(Information supplied):
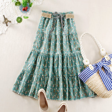 夏日波西米亚田园花色亚麻半身裙棉麻沙滩裙长裙女
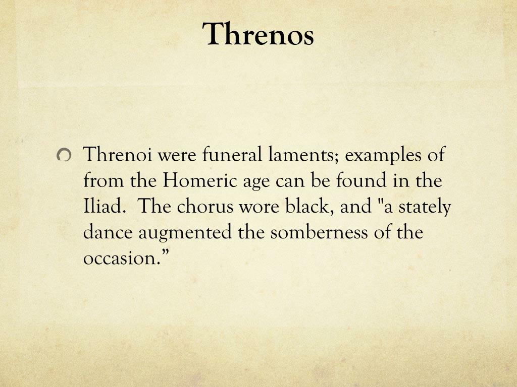 Threnos • Threnoi were funeral laments; examples of from the Homeric age can be found in the Iliad. The chorus wore black, and "a stately dance augmented the somberness of the occasion.”
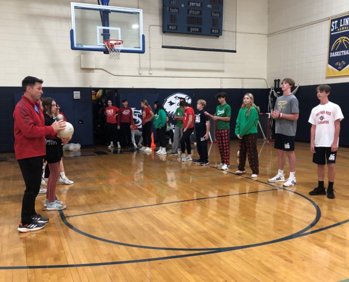 Here is Mr. Dillon with the 8th Grade Students teaching them a new PE Activity.
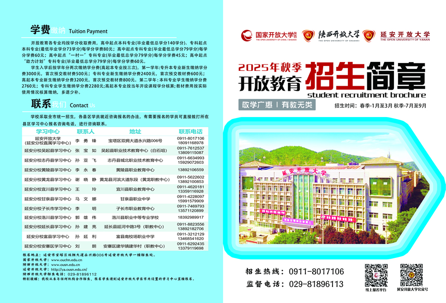 延安開(kāi)放大學(xué)2025年秋季招生報(bào)名已經(jīng)開(kāi)始啦!
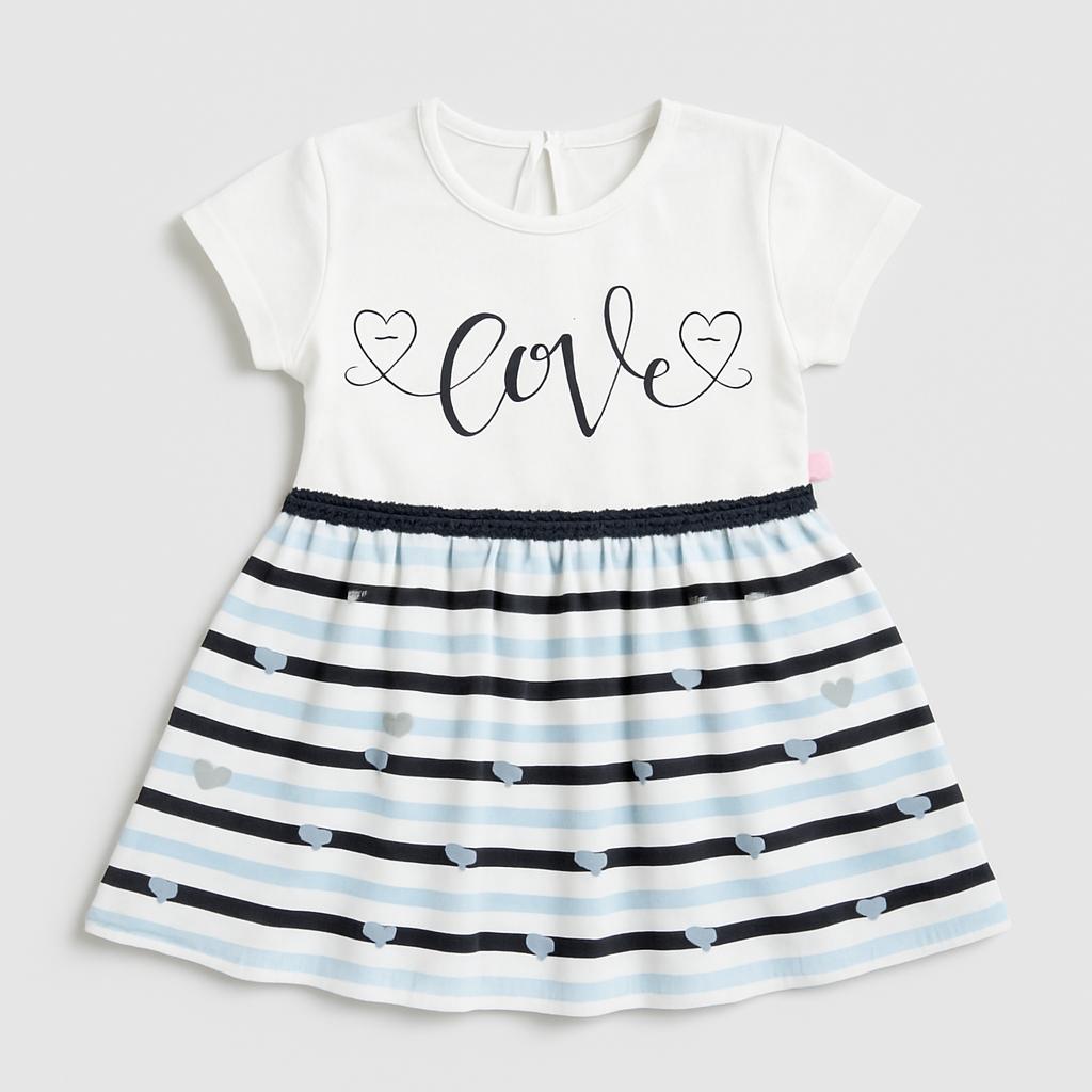 Questo adorabile vestitino bianco con gonna a righe è perfetto per le piccole sognatrici! La parte superiore presenta una dolce scritta "love" decorata con cuoricini, che irradia un messaggio di affetto. La gonna a righe blu navy e bianca, arricchita da piccoli cuori, aggiunge un tocco vivace e giocoso. Le maniche corte e il leggero abbellimento in vita rendono questo abito comodo e fresco, ideale per le giornate estive di giochi e avventure. Nonostante il passato, è in ottime condizioni, pronto a far brillare il guardaroba della tua piccola! Un must-have per ogni piccola fashionista!
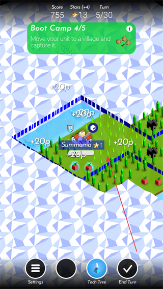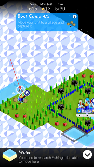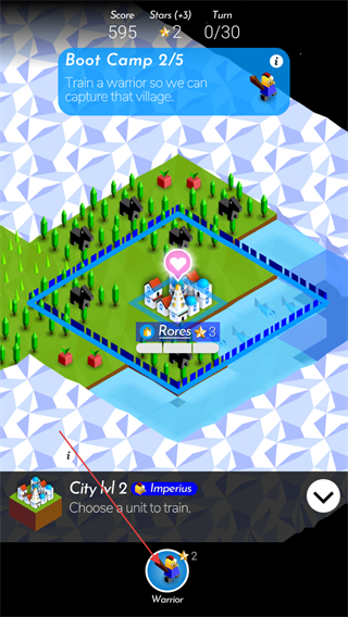 3、點(diǎn)擊士兵可以讓士兵前往指定位置,前往帳篷處點(diǎn)擊士兵上方的按鈕發(fā)起戰(zhàn)爭(zhēng)。
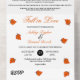 This elegant fall wedding invitation is perfect for a modern autumn wedding. The simple design features fall maple leaves with elegant black and orange typography on a white background.
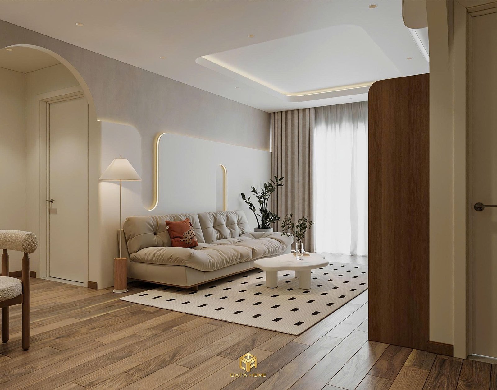Ghế sofa da màu kem êm ái, thảm họa tiết đen trắng đơn giản và bàn trà hình dáng tự nhiên như đám mây trắng nằm giữa phòng. Ánh sáng từ trần thạch cao cong vút lan tỏa dịu dàng, khiến bạn chỉ muốn ngồi xuống, nhâm nhi tách trà và ngắm nhìn cây xanh bên cửa sổ.
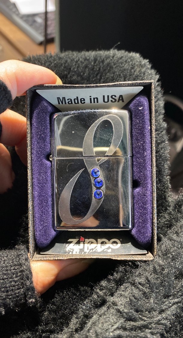Bu erkek yüzüğü, koyu renkte ve üç mavi taşlı çağdaş tasarıma sahiptir. Vintage tarzındadır ve Made in USA damgalıdır.
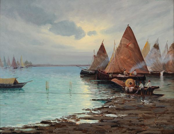 Laguna con imbarcazioni sullo sfondo di Venezia
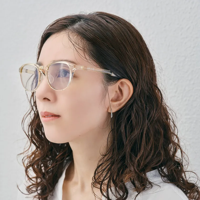 SOLAIZはフレームカラーは肌馴染みのよいクリア色をベースに、レンズカラーは瞳が見える薄いカラーをラインナップ。日常に溶け込む親しみやすいデザインで、+マスクでも抵抗感なく様々なスタイルに合わせやすいメガネです。医療分野で培った知識や技術をいかし生まれたフレーム設計で、長時間でもストレスフリーなかけ心地を実現しています。
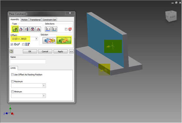 Centro de la placa mediante la restricción de "Flush" y un desplazamiento. Seleccione la cara como se muestra y los valores de entrada como se muestra en el cuadro de "Offset".
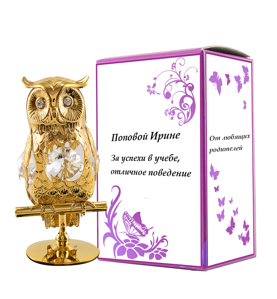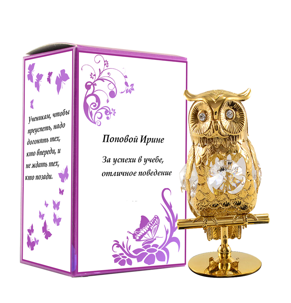 Красивая статуэтка из металла в виде филина инкрустирована эксклюзивными кристаллами Swarovski. Станет отличным подарком для педагогов или выпускников детских садов и школ, легко украсит любой интерьер домашнего очага или рабочего места, а памятная надпись на подарочной коробке сделает этот подарок особенным и запоминающимся!
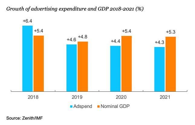 不過,隨著市場日趨成熟,數字廣告的總體增長放慢。2018年,數字廣告增長了17%,實力媒體預測這一數字將在2019年降至12%,并于2021年進一步下降到9%。
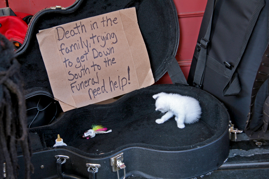Poor kitty. Hope he’s feeling better by now. Does Jamal play the guitar, or just use the case to tote the cat & sign around?
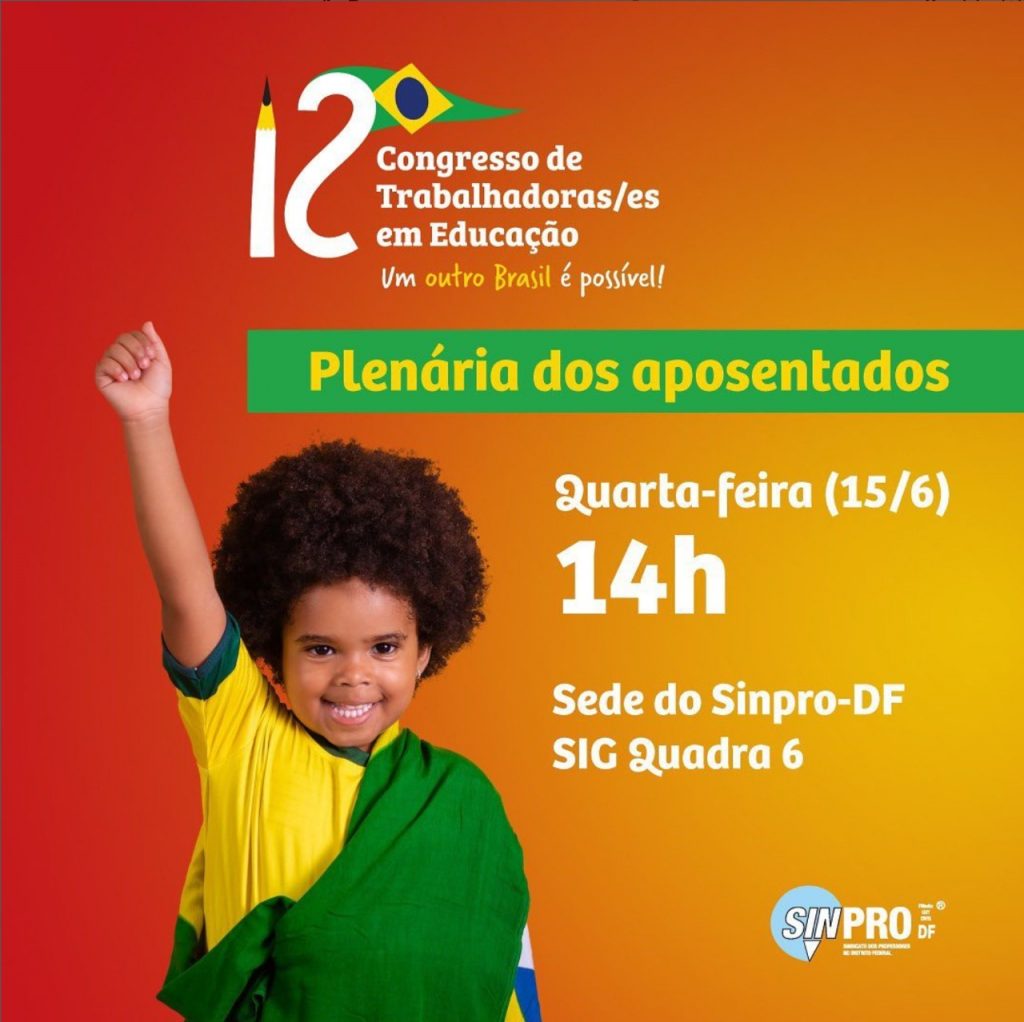 Nesta quarta-feira (15), a Secretaria de Aposentados do Sinpro-DF realiza plenária para eleger delegadas(os) ao 12º Congresso dos Trabalhadores em Educação “Um outro Brasil é possível” (12º CTE). O encontro começa às 14h na sede do Sinpro, no SIG (quadra 6).
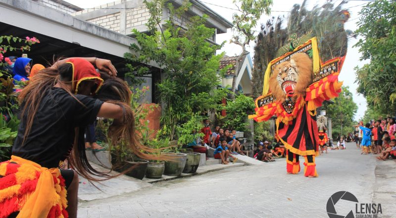 Pemeran Nyi Rangda mengancam warga desa dalam pementasan…
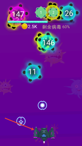2、游戏中,操控飞船射击屏幕上的病毒,收集金币。
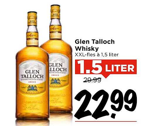 Ben jij een liefhebber van whisky? Dan is deze aanbieding bij Vomar iets voor jou! De Glen Talloch Whisky is nu beschikbaar in een XXL-fles van maar liefst 1,5 liter. Met een korting van maar liefst €7,00 op de normale prijs, is dit de perfecte kans om je favoriete drank voor een geweldige prijs in huis te halen.
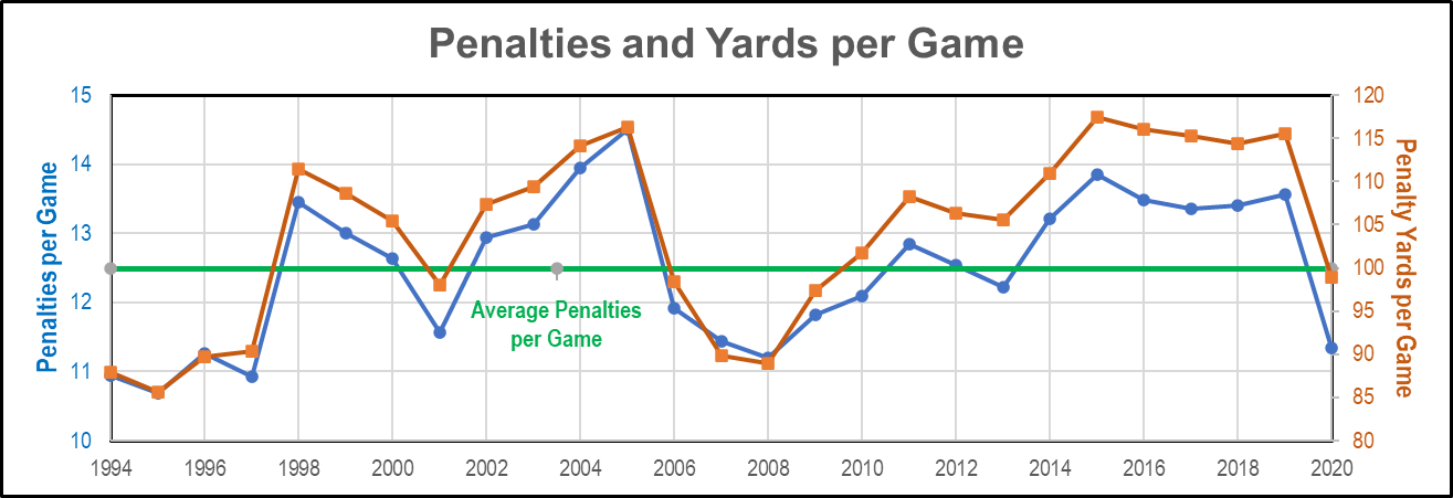 Since 1974, 84,987 penalties have been called for 707,800 yards in 6,912 NFL games. That’s about 12 penalties for 102 yards per two-team matchup, 8 yards per penalty. Those statistics reflect a mind boggling number of different players, coaches, referees, and rule changes over 27 seasons. The number of penalties and penalty yards per game from 1994 through 2020 (when there were 16 games per season) are shown in the following graph. There have been increases and decreases in penalties over those years but no significant trend.

(What you have to do): In the records above, find the line that contains "Pemeran Nyi Rangda", then write it out along with every line after it, exactly, through the last one. Leave the pictures out.

(Answer box):
 Pemeran Nyi Rangda mengancam warga desa dalam pementasan…
2、游戏中,操控飞船射击屏幕上的病毒,收集金币。
 Ben jij een liefhebber van whisky? Dan is deze aanbieding bij Vomar iets voor jou! De Glen Talloch Whisky is nu beschikbaar in een XXL-fles van maar liefst 1,5 liter. Met een korting van maar liefst €7,00 op de normale prijs, is dit de perfecte kans om je favoriete drank voor een geweldige prijs in huis te halen.
 Since 1974, 84,987 penalties have been called for 707,800 yards in 6,912 NFL games. That’s about 12 penalties for 102 yards per two-team matchup, 8 yards per penalty. Those statistics reflect a mind boggling number of different players, coaches, referees, and rule changes over 27 seasons. The number of penalties and penalty yards per game from 1994 through 2020 (when there were 16 games per season) are shown in the following graph. There have been increases and decreases in penalties over those years but no significant trend.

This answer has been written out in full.